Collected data
——

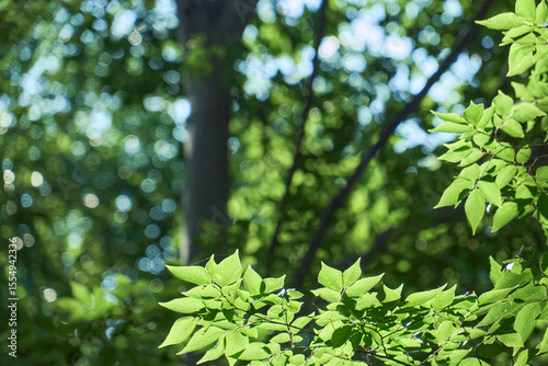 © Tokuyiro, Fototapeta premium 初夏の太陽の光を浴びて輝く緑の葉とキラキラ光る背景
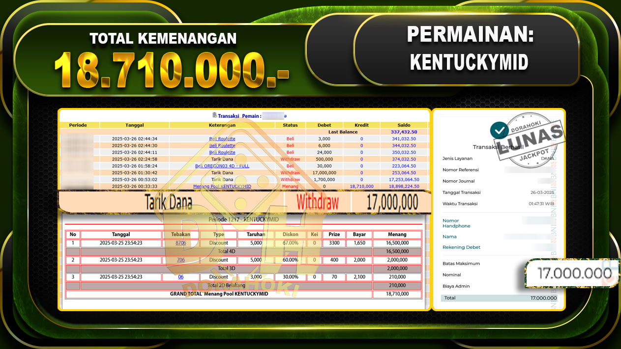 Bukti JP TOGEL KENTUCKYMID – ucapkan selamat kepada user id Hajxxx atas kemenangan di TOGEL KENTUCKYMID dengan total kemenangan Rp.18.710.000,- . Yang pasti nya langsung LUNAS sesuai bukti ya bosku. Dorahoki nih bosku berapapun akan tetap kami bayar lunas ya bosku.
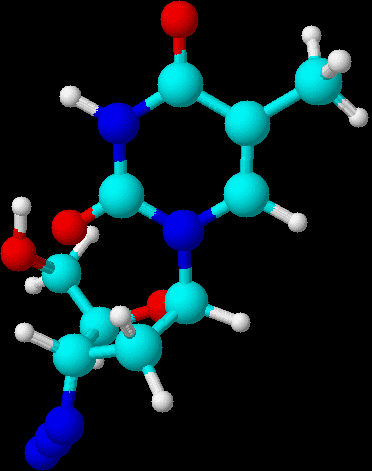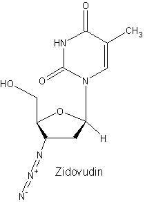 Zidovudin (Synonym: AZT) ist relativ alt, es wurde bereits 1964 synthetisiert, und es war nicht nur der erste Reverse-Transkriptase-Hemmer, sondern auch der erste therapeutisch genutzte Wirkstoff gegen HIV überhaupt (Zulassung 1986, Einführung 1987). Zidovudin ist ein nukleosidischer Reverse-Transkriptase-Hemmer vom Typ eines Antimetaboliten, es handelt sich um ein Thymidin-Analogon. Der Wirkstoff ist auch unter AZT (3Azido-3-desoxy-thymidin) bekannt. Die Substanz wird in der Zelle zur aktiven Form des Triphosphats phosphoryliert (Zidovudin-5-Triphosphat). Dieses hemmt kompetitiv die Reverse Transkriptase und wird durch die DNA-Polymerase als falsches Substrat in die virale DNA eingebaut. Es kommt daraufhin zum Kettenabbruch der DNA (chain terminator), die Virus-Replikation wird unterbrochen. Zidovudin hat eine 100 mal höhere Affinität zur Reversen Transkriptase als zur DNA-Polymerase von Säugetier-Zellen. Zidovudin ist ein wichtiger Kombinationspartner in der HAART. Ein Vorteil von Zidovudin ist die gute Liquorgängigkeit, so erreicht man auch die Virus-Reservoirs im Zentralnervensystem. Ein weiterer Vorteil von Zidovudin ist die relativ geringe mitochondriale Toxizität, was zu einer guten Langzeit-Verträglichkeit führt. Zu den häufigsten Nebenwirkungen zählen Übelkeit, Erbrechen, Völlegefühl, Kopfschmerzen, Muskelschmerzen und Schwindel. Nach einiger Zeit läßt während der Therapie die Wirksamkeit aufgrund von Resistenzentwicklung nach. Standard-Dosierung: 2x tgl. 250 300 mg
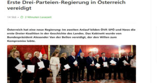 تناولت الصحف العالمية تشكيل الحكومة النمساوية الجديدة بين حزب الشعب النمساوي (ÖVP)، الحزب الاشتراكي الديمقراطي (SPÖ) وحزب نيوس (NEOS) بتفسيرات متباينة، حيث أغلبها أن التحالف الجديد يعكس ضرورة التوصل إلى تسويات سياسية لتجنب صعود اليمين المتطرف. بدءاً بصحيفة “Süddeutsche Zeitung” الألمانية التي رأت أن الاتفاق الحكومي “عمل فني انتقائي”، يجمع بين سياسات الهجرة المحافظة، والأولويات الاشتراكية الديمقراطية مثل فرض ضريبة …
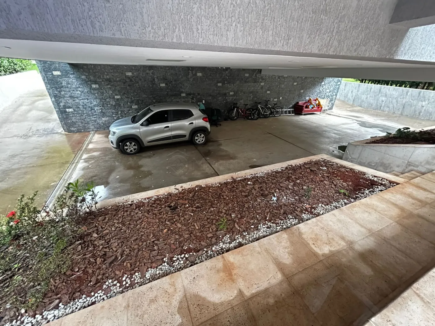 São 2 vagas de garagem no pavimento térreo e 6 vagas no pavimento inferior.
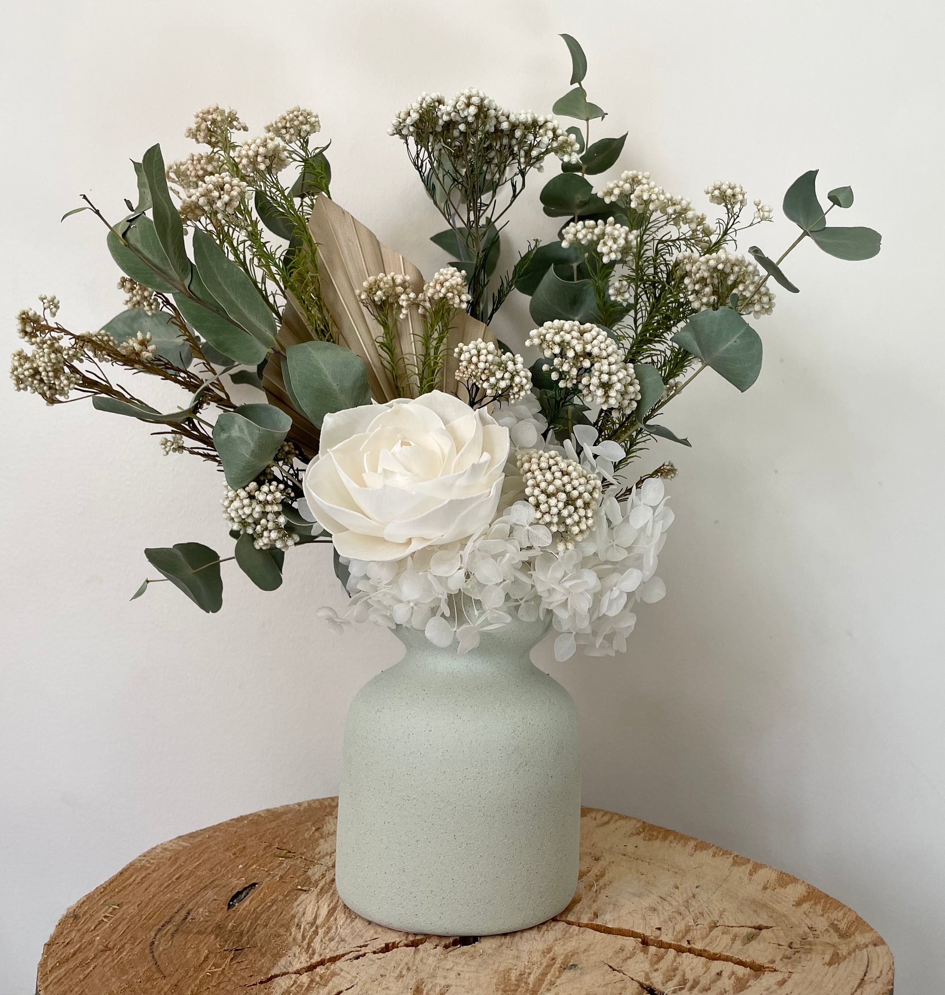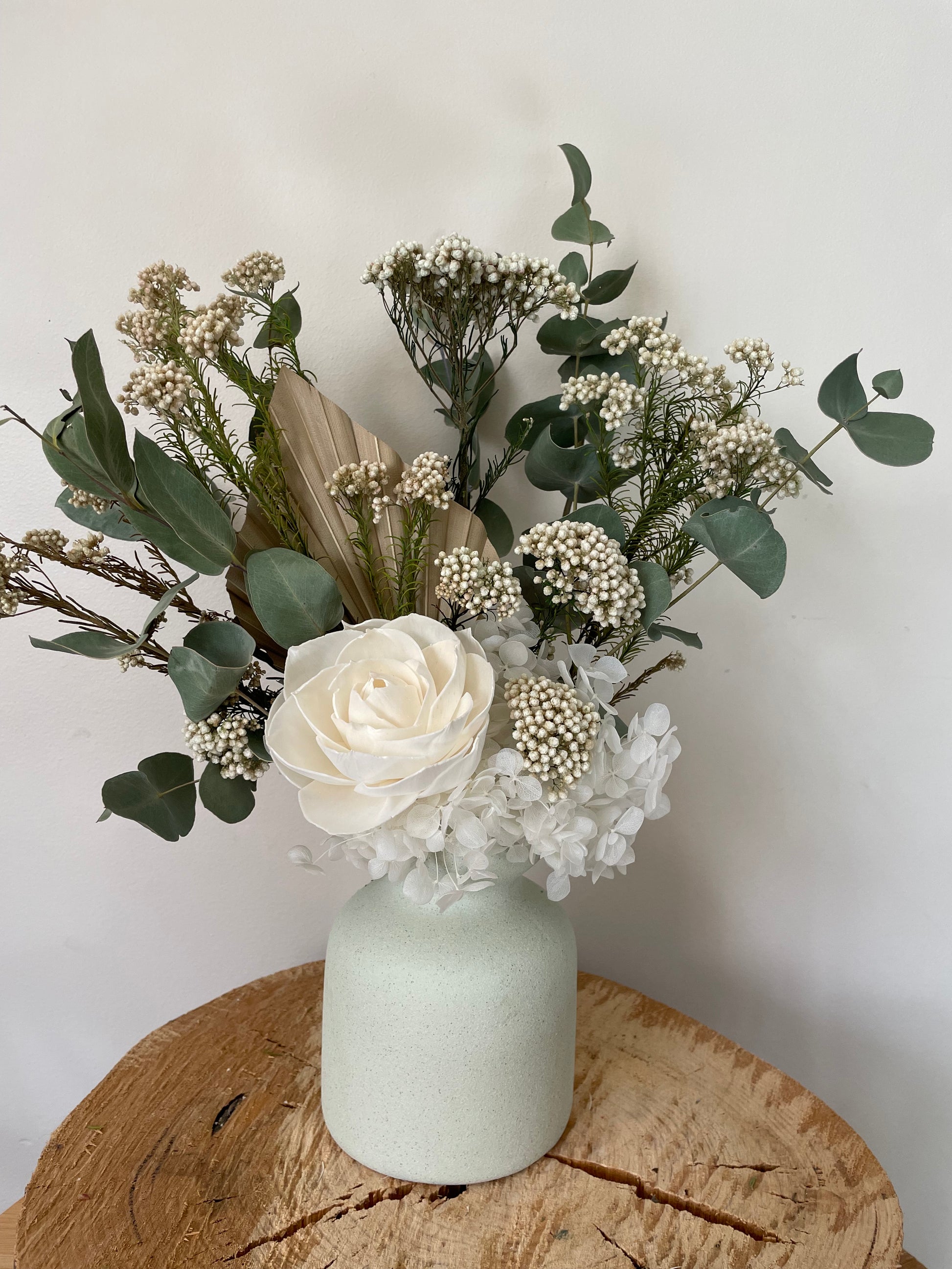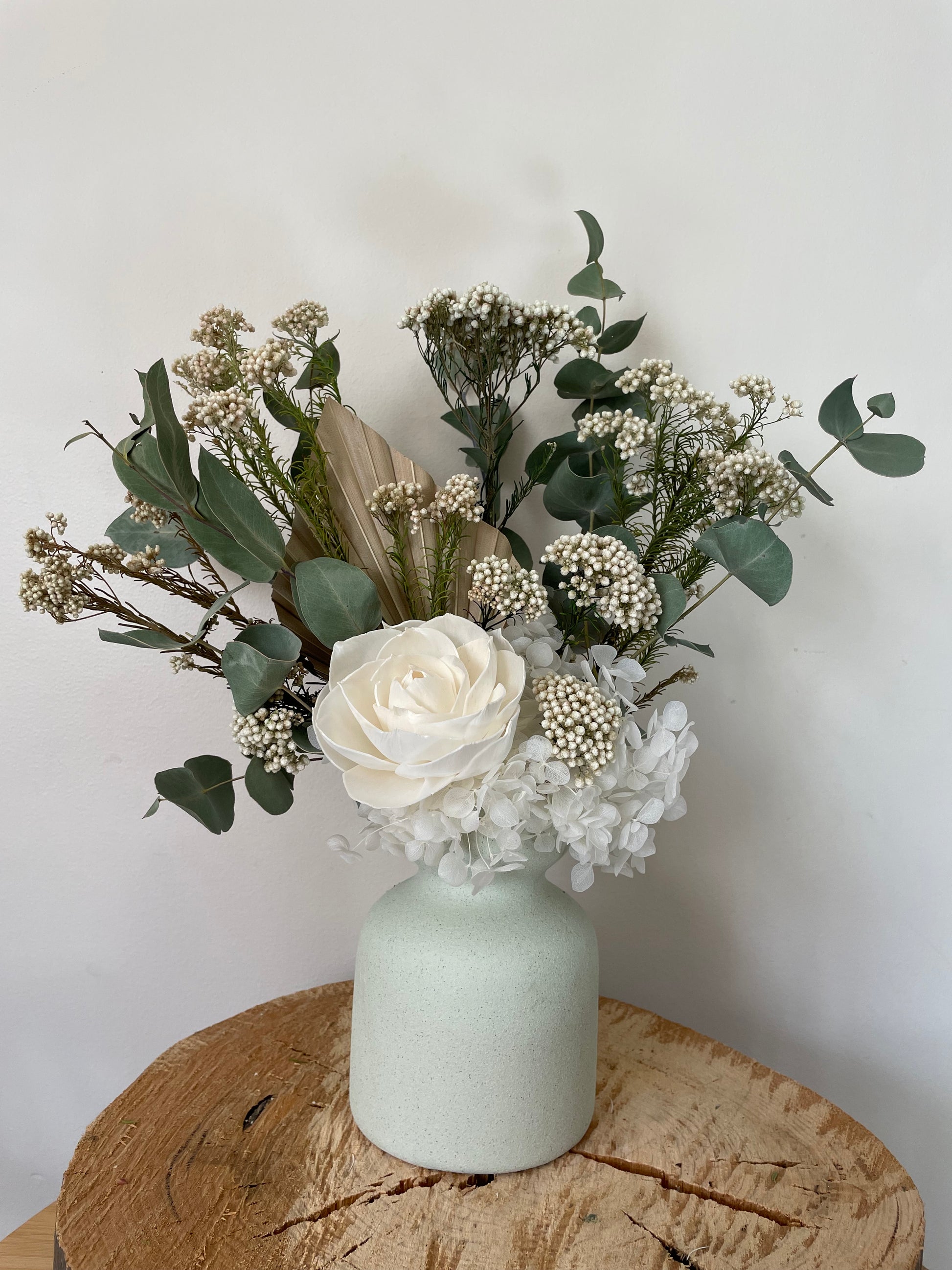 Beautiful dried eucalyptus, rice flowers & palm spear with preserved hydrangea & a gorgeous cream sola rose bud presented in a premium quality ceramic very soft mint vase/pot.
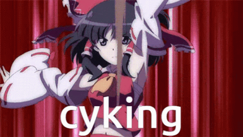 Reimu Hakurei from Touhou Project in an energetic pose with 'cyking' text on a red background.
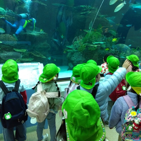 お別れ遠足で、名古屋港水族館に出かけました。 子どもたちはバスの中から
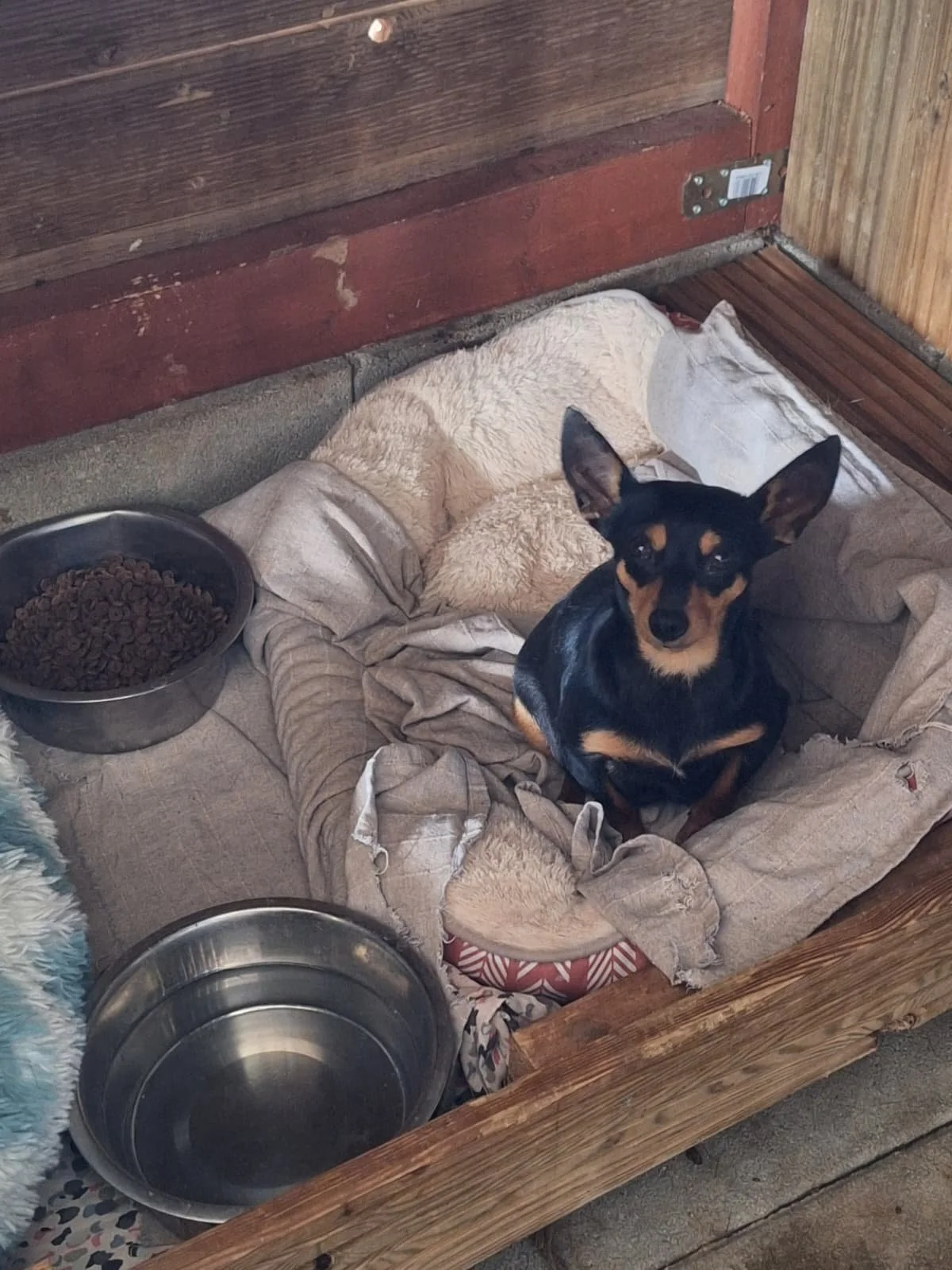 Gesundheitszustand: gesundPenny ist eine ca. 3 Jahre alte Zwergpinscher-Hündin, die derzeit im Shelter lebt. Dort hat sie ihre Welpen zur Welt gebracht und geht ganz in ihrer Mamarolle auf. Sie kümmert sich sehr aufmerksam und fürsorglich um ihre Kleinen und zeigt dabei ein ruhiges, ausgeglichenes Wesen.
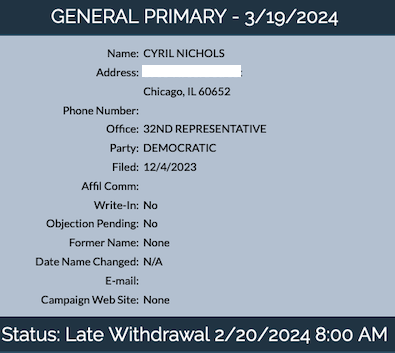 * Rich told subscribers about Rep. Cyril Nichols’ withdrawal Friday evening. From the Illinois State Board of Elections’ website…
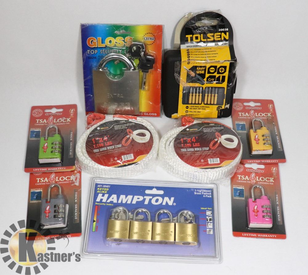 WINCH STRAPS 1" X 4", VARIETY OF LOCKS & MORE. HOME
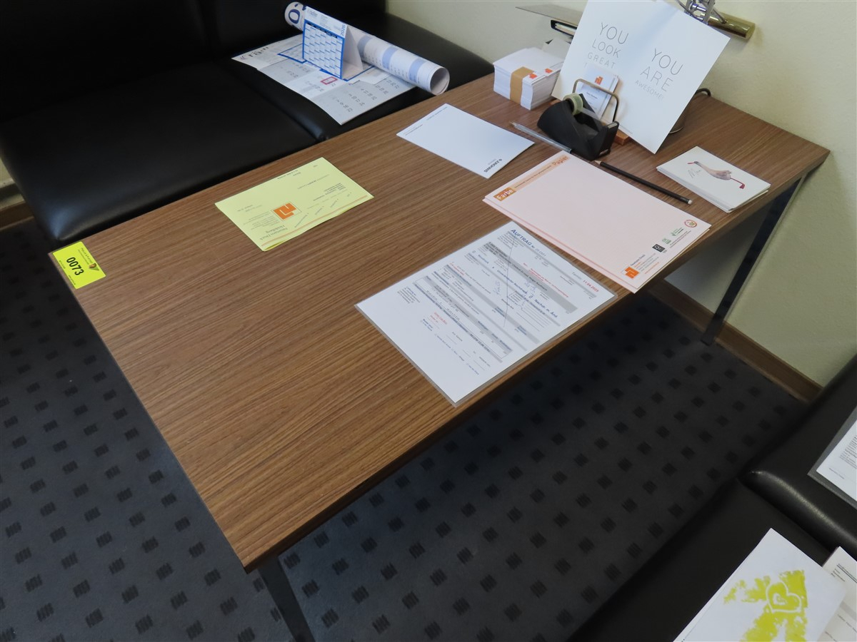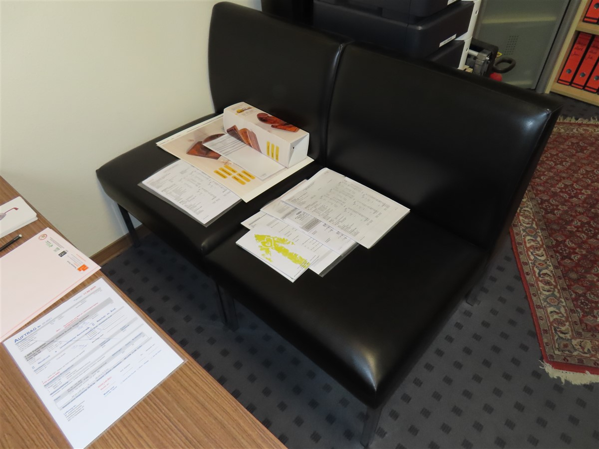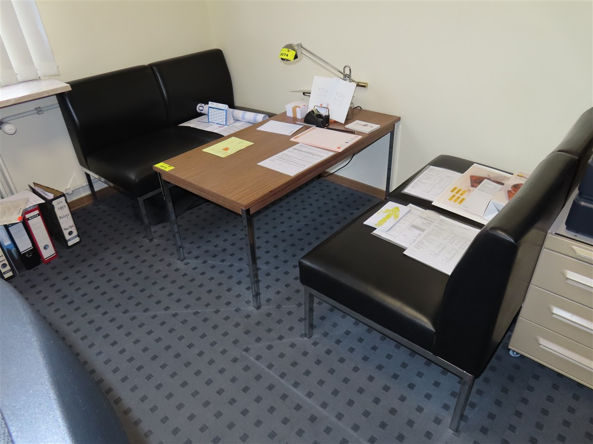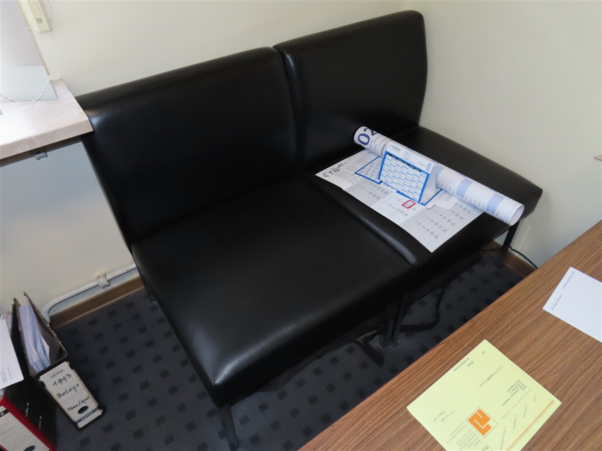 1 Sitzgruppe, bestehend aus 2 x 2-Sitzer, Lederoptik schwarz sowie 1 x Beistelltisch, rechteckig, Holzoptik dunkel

——

**Your assignment:**
In the data above, find the line containing "of Elections’ website…", then output it and every later line exactly, without the pictures.

**Answer to this exercise:**
 * Rich told subscribers about Rep. Cyril Nichols’ withdrawal Friday evening. From the Illinois State Board of Elections’ website…
 WINCH STRAPS 1" X 4", VARIETY OF LOCKS & MORE. HOME
 1 Sitzgruppe, bestehend aus 2 x 2-Sitzer, Lederoptik schwarz sowie 1 x Beistelltisch, rechteckig, Holzoptik dunkel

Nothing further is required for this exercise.